4.         OWNERSHIP.

a.         Moneiva Materials. Moneiva retains all right, title and interest (including all intellectual property rights) in and to the SaaS Solution (including all updates, upgrades, enhancements or modifications to or of the SaaS Solution), the solutions provided thereby, all software and technology underlying the SaaS Solution, all Moneiva documentation relating to the SaaS Solution and all content or works of authorship created, licensed or provided by Moneiva (collectively, “Moneiva Materials”). Title to and ownership of any Moneiva Materials created by Moneiva in the course of providing SaaS Solution shall be held exclusively by Moneiva, whether such Moneiva Materials were requested by or on behalf of Customer or incorporate ideas, feedback or comments provided by or on behalf of Customer. Customer will not acquire any rights in or to the Moneiva Materials by implication, estoppel or otherwise. Customer hereby assigns all rights, title and interest in and to the Moneiva Materials to Moneiva.
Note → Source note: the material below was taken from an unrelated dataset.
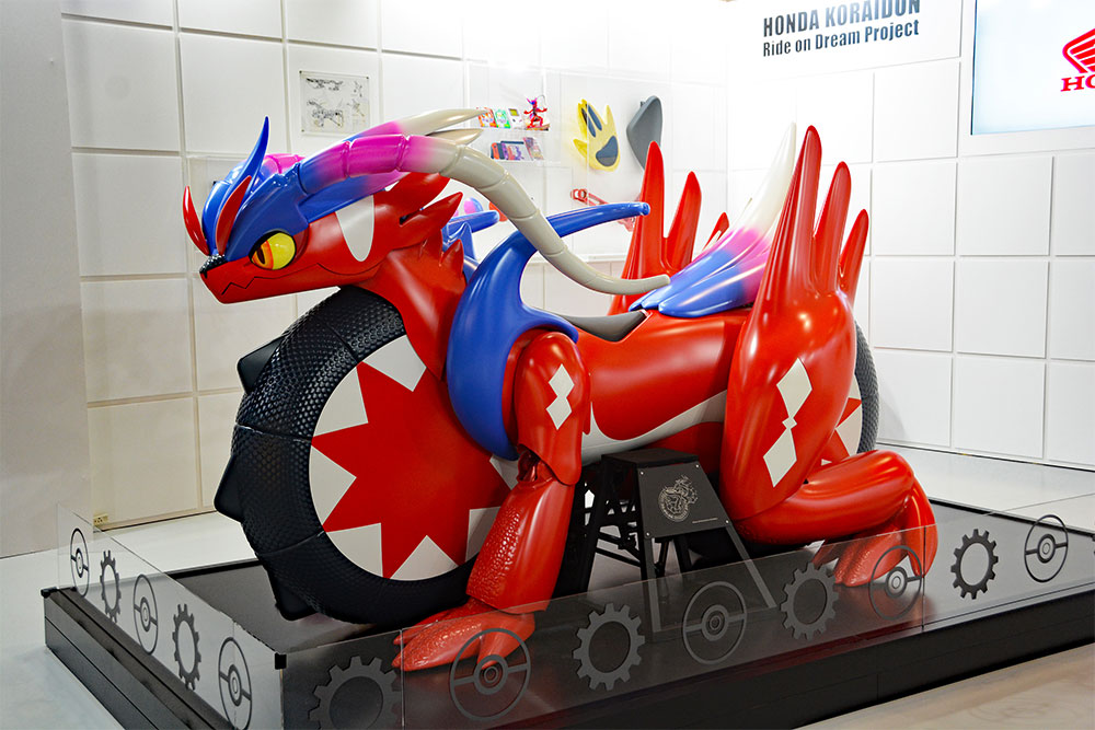 メインプログラムのひとつである「Tokyo Future Tour 2035」では、「ポケモン」とトヨタ自動車、本田技研工業のコラボレーションによって誕生した「トヨタミライドン」と「ホンダコライドン」が展示されていました。「ミライドン」と「コライドン」は、2022年11月に発売されたゲーム『ポケットモンスター スカーレット・バイオレット』に登場する伝説のポケモンです。イベント期間中には「ライド体験」の時間が設けられており、幸運にも乗車できた子どもたちは、生き物のように瞬きや息づかいをするホンダコライドンの背中でのひとときを満喫していました。

b.         Customer Data. As between the Parties and Customer Data shall remain the property of Customer. Customer hereby grants to Moneiva a nonexclusive, worldwide, royalty-free right and license during the Term and any post-Term data retention period in accordance with Section 3(d) to use, reproduce, distribute, modify, display and prepare derivative works of the Customer Data for purposes of providing the SaaS Solution to Customer.

5.         CONFIDENTIALITY.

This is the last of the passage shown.